* [WHAT IS NEEDED]
From the first line to the last, output the data exactly as it stands, minus its pictures.

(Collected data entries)
┄┄┄┄┄┄┄┄┄┄
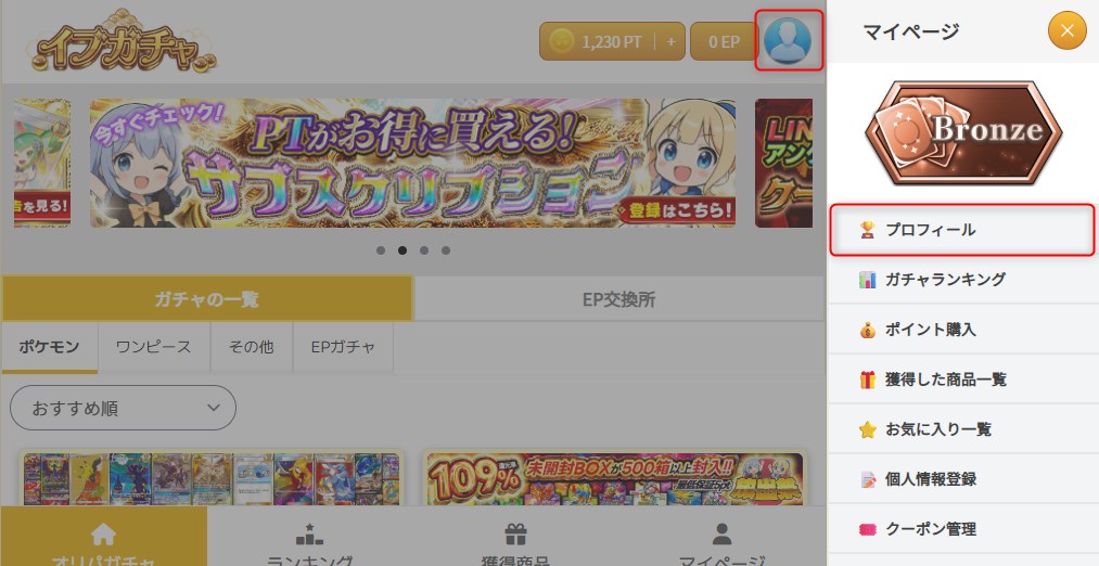 イブガチャは、スマホやPCから24時間いつでも楽しめるオンラインオリパサービスです。
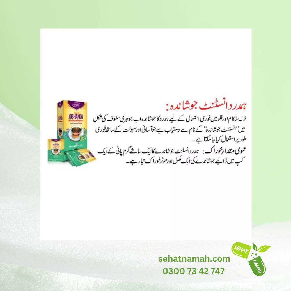 Instant Joshanda Hamdard is listed on SehatNamah.com website for sale, and SehatNamh.com is the delivery service provider/partner to deliver the required product or medicine. Always seek guidance from licensed healthcare professionals for specific health concerns. The information provided on SehatNamah.com is intended for general informational purposes only. SehatNamah.com is not the manufacturer of the products listed on our platform but just a deliver service / delivery partner for the required product or medicine. While we strive to ensure the accuracy of the product details presented, manufacturers may update or alter their product formulations, packaging, or related materials. As such, the actual product information may vary from what is displayed on our website.
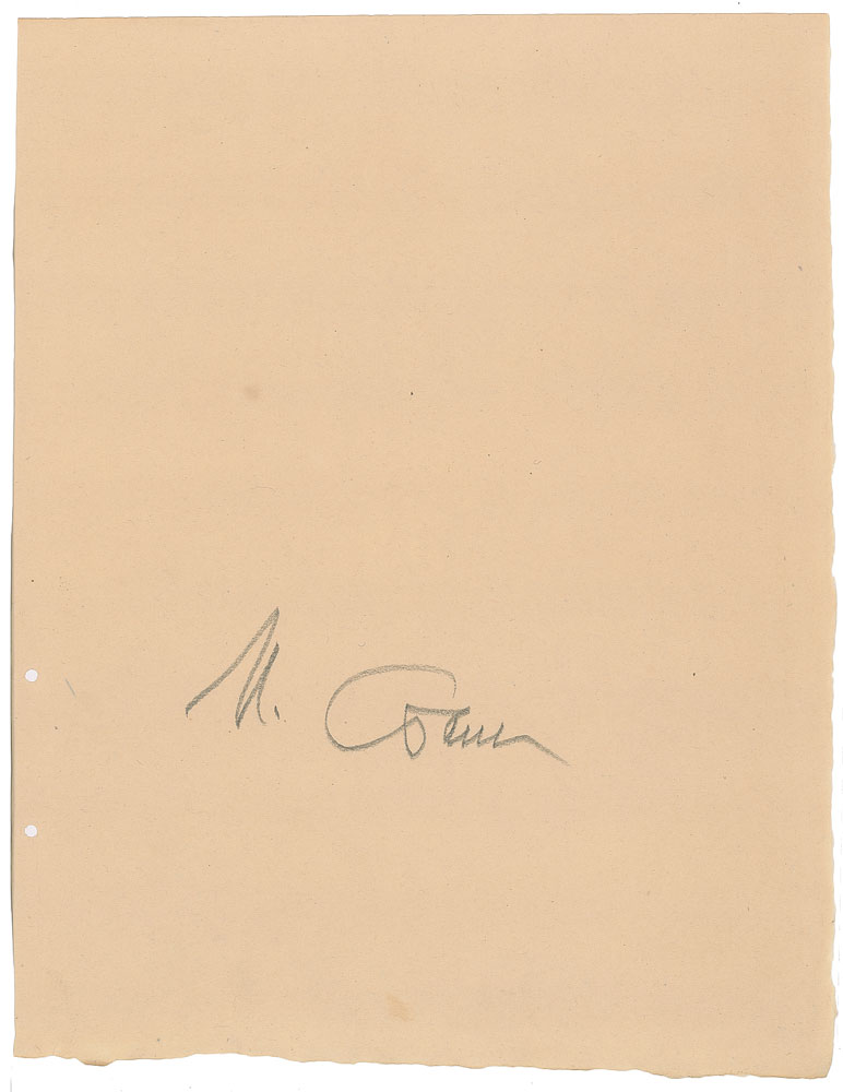 Bold pencil signature of Joseph Stalin in Cyrillic on an off-white 9 x 11.75 page removed from a guest book deriving from the Hotel Radium Palace in Jahymov, Czechia, which contained signatures from an assortment of dignitaries between the years 1927 and 1947. In fine condition. Accompanied by images of the guest book from which the page originates, which also included the likes of Marie Curie, Feodor Chaliapin, and Klement Gottwald.
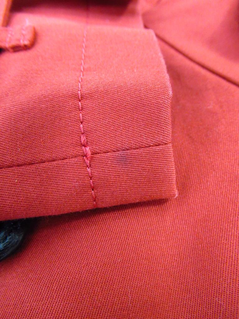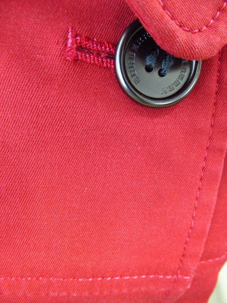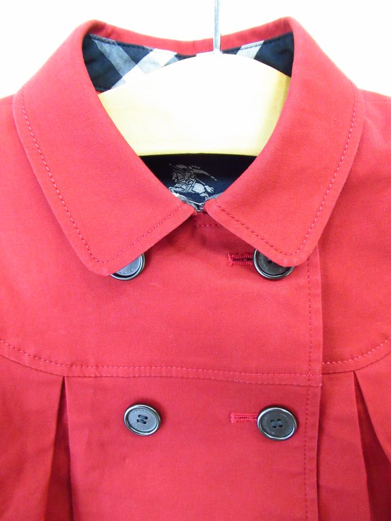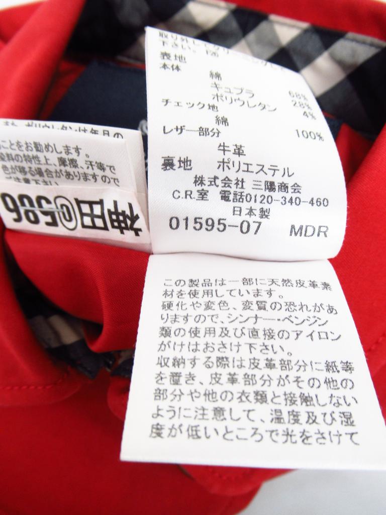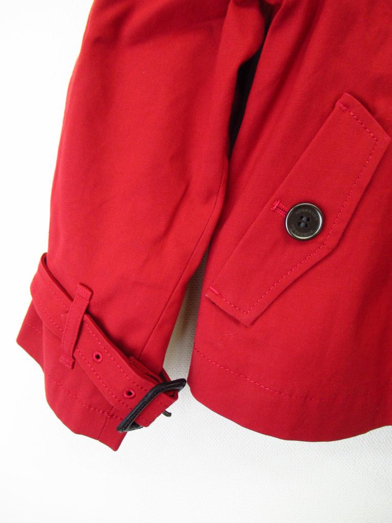 【サイズ表記】A 【材質】キュプラ混、チェック地:綿、裏地:ポリエステル、レザー部分:牛革 【実寸サイズ】肩幅31.5身幅40袖丈37着丈38 【デザイン】レッド 袖口にベルト、取り外し可能 春、秋コート 日本製 三陽商会製 裏地あり 前ボタン・カギホック 前左右ポケット 【状態】前中央あたりに薄く汚れ0.5㎝~1cm以内数個 前中央上にうっすら輪じみ3cm、他薄汚れ白汚れ少々あり 毛羽立ち少々、着用感・色あせ中くらい |
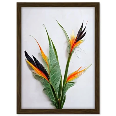 Wee Blue Coo Bird of Paradise Stem Leaves and Flowers Tropical Plant Botanical Artwork Framed A3 Wall Art Print
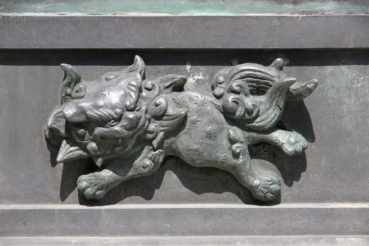 Bronzelaternen vor dem Goei-do (Daishi-do), Detail vom Sockel
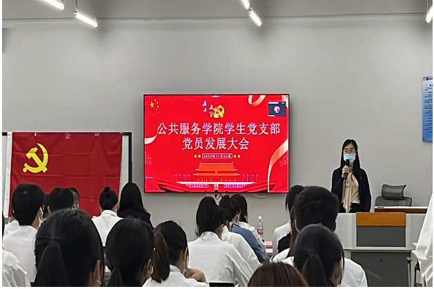 2022年11月24日,公共服务学院学生党支部在教学楼Q4﹣109召开了党员发展大会,参加本次大会的有公共服务学院学生党支部全体党员及27位发展对象,大会由支部书记许世娟主持。
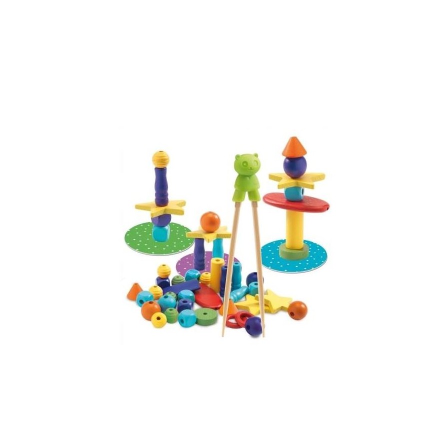Ciascun giocatore deve riprodurre l'immagine raffigurata sulla propria carta raccogliendo le perline dal mucchio prima dei loro avversari. Sembra facile, ma c'è un problema! I giocatori devono usare le bacchette per maneggiare le perle e se la torre cade, tornano al punto di partenza.
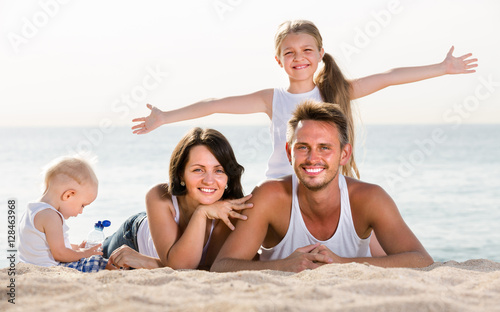 family, beach, woman, man, couple, children, children, lying, leaning, sea, sand, umbrella, embracing, hugging, shadow, relaxed, resting, smiling, cheerful, boy, girl, sibling, toddler, laughing, outdoors, vacation, holiday, summer, seasonal, leisure, caucasian, european, 30s, glad, spade, joy, ocean, together, son, daughter, fun, sunlight, emotion, coastline
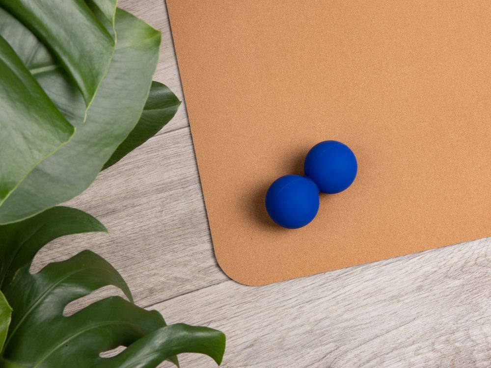 Двойной мячик воздействует на мышцы вдоль позвоночника и шеи, мягко выравнивает осанку. Специальная выемка между мячиками предусмотрена, чтобы обезопасить работу и не травмировать позвоночник во время упражнений.
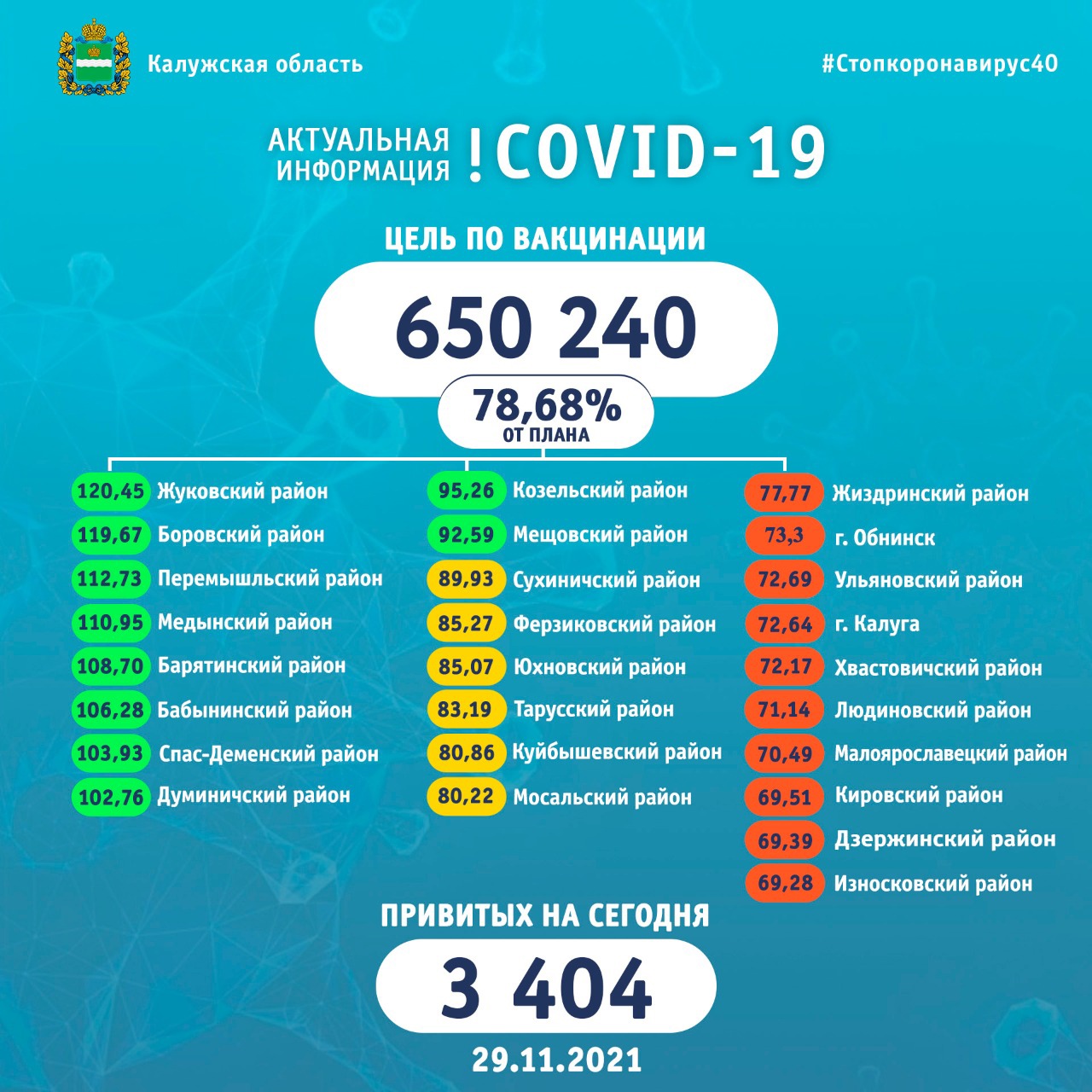 Выполнение плана по вакцинации от коронавируса в районах Калужской области на 29 ноября 2021 года:
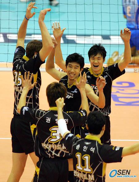 31일 서울 올림픽공원 펜싱경기장에서 벌어진 KT&G 2005-2006 V-리그 남자부 경기 천안 현대캐피탈 스카이워커스와 인천 대한항공 점보스의 경기서 현대캐피탈 선수들이 포인트를 올린 뒤 기뻐하고 있다. /올림픽공원=주지영 기자 jj0jj0@osen.co.kr [Copyright ⓒ 한국 최고의 스포츠 전문 미디어 OSEN(www.osen.co.kr) 무단전재 및 재배포 금지]
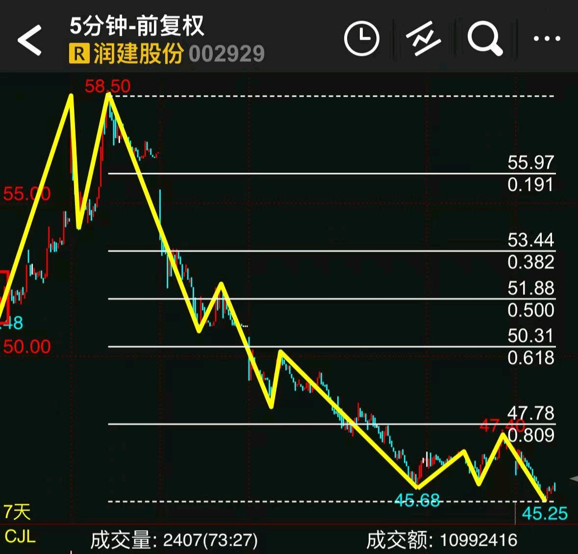 今天手里绿了两支票,一支润建一支成飞,别人都开始晒单了,只有我在陌陌画图..今天润建又一次回踩支撑位,空间上来说明天将会是变盘节点,主观上44.8以下已经成为历史,这个位置必不会破,目前小级别高点越来越低,低点越来越高,走势符合主力震荡吸筹,48-51筹码越来越集中,拉升只是时间问题
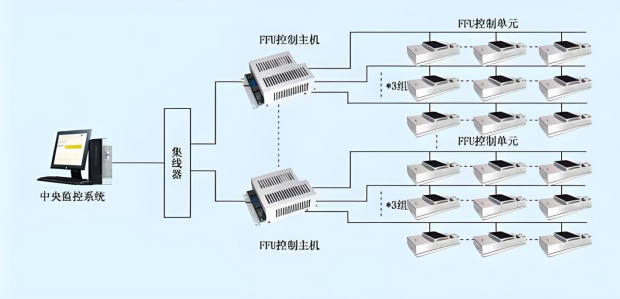 产品概述:FFU作为一种常用净化设备,目前在各种洁净工程中得到广泛应用,FFU群控系统是将几十个、几百个、甚至几千个FFU通过机身上的通讯模块,将信号通过RS485网络传输到中继模块、集成交换机等进行反馈,其信号连接起来并进行监控,并可上传至主机电脑,由电脑远程实现风机的启停、故障报警分析、风速调节等功能, 还可以按照客户现场FFU平面布局图进行程序设计控制界面。
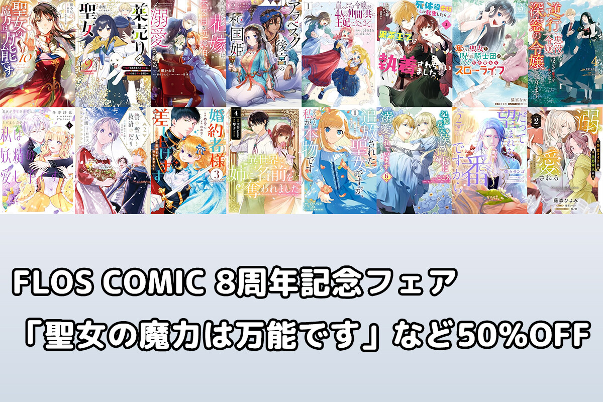 「聖女の魔力は万能です」「薬売りの聖女」など50%OFF!KindleでKADOKAWA FLOS COMIC 8周年記念フェア 約50作品まとめ(2/18まで)
┄┄┄┄┄┄┄┄┄┄
* [TASK RESPONSE]
 イブガチャは、スマホやPCから24時間いつでも楽しめるオンラインオリパサービスです。
 Instant Joshanda Hamdard is listed on SehatNamah.com website for sale, and SehatNamh.com is the delivery service provider/partner to deliver the required product or medicine. Always seek guidance from licensed healthcare professionals for specific health concerns. The information provided on SehatNamah.com is intended for general informational purposes only. SehatNamah.com is not the manufacturer of the products listed on our platform but just a deliver service / delivery partner for the required product or medicine. While we strive to ensure the accuracy of the product details presented, manufacturers may update or alter their product formulations, packaging, or related materials. As such, the actual product information may vary from what is displayed on our website.
 Bold pencil signature of Joseph Stalin in Cyrillic on an off-white 9 x 11.75 page removed from a guest book deriving from the Hotel Radium Palace in Jahymov, Czechia, which contained signatures from an assortment of dignitaries between the years 1927 and 1947. In fine condition. Accompanied by images of the guest book from which the page originates, which also included the likes of Marie Curie, Feodor Chaliapin, and Klement Gottwald.
 【サイズ表記】A 【材質】キュプラ混、チェック地:綿、裏地:ポリエステル、レザー部分:牛革 【実寸サイズ】肩幅31.5身幅40袖丈37着丈38 【デザイン】レッド 袖口にベルト、取り外し可能 春、秋コート 日本製 三陽商会製 裏地あり 前ボタン・カギホック 前左右ポケット 【状態】前中央あたりに薄く汚れ0.5㎝~1cm以内数個 前中央上にうっすら輪じみ3cm、他薄汚れ白汚れ少々あり 毛羽立ち少々、着用感・色あせ中くらい |
 Wee Blue Coo Bird of Paradise Stem Leaves and Flowers Tropical Plant Botanical Artwork Framed A3 Wall Art Print
 Bronzelaternen vor dem Goei-do (Daishi-do), Detail vom Sockel
 2022年11月24日,公共服务学院学生党支部在教学楼Q4﹣109召开了党员发展大会,参加本次大会的有公共服务学院学生党支部全体党员及27位发展对象,大会由支部书记许世娟主持。
Ciascun giocatore deve riprodurre l'immagine raffigurata sulla propria carta raccogliendo le perline dal mucchio prima dei loro avversari. Sembra facile, ma c'è un problema! I giocatori devono usare le bacchette per maneggiare le perle e se la torre cade, tornano al punto di partenza.
 family, beach, woman, man, couple, children, children, lying, leaning, sea, sand, umbrella, embracing, hugging, shadow, relaxed, resting, smiling, cheerful, boy, girl, sibling, toddler, laughing, outdoors, vacation, holiday, summer, seasonal, leisure, caucasian, european, 30s, glad, spade, joy, ocean, together, son, daughter, fun, sunlight, emotion, coastline
 Двойной мячик воздействует на мышцы вдоль позвоночника и шеи, мягко выравнивает осанку. Специальная выемка между мячиками предусмотрена, чтобы обезопасить работу и не травмировать позвоночник во время упражнений.
 Выполнение плана по вакцинации от коронавируса в районах Калужской области на 29 ноября 2021 года:
 31일 서울 올림픽공원 펜싱경기장에서 벌어진 KT&G 2005-2006 V-리그 남자부 경기 천안 현대캐피탈 스카이워커스와 인천 대한항공 점보스의 경기서 현대캐피탈 선수들이 포인트를 올린 뒤 기뻐하고 있다. /올림픽공원=주지영 기자 jj0jj0@osen.co.kr [Copyright ⓒ 한국 최고의 스포츠 전문 미디어 OSEN(www.osen.co.kr) 무단전재 및 재배포 금지]
 今天手里绿了两支票,一支润建一支成飞,别人都开始晒单了,只有我在陌陌画图..今天润建又一次回踩支撑位,空间上来说明天将会是变盘节点,主观上44.8以下已经成为历史,这个位置必不会破,目前小级别高点越来越低,低点越来越高,走势符合主力震荡吸筹,48-51筹码越来越集中,拉升只是时间问题
 产品概述:FFU作为一种常用净化设备,目前在各种洁净工程中得到广泛应用,FFU群控系统是将几十个、几百个、甚至几千个FFU通过机身上的通讯模块,将信号通过RS485网络传输到中继模块、集成交换机等进行反馈,其信号连接起来并进行监控,并可上传至主机电脑,由电脑远程实现风机的启停、故障报警分析、风速调节等功能, 还可以按照客户现场FFU平面布局图进行程序设计控制界面。
 「聖女の魔力は万能です」「薬売りの聖女」など50%OFF!KindleでKADOKAWA FLOS COMIC 8周年記念フェア 約50作品まとめ(2/18まで)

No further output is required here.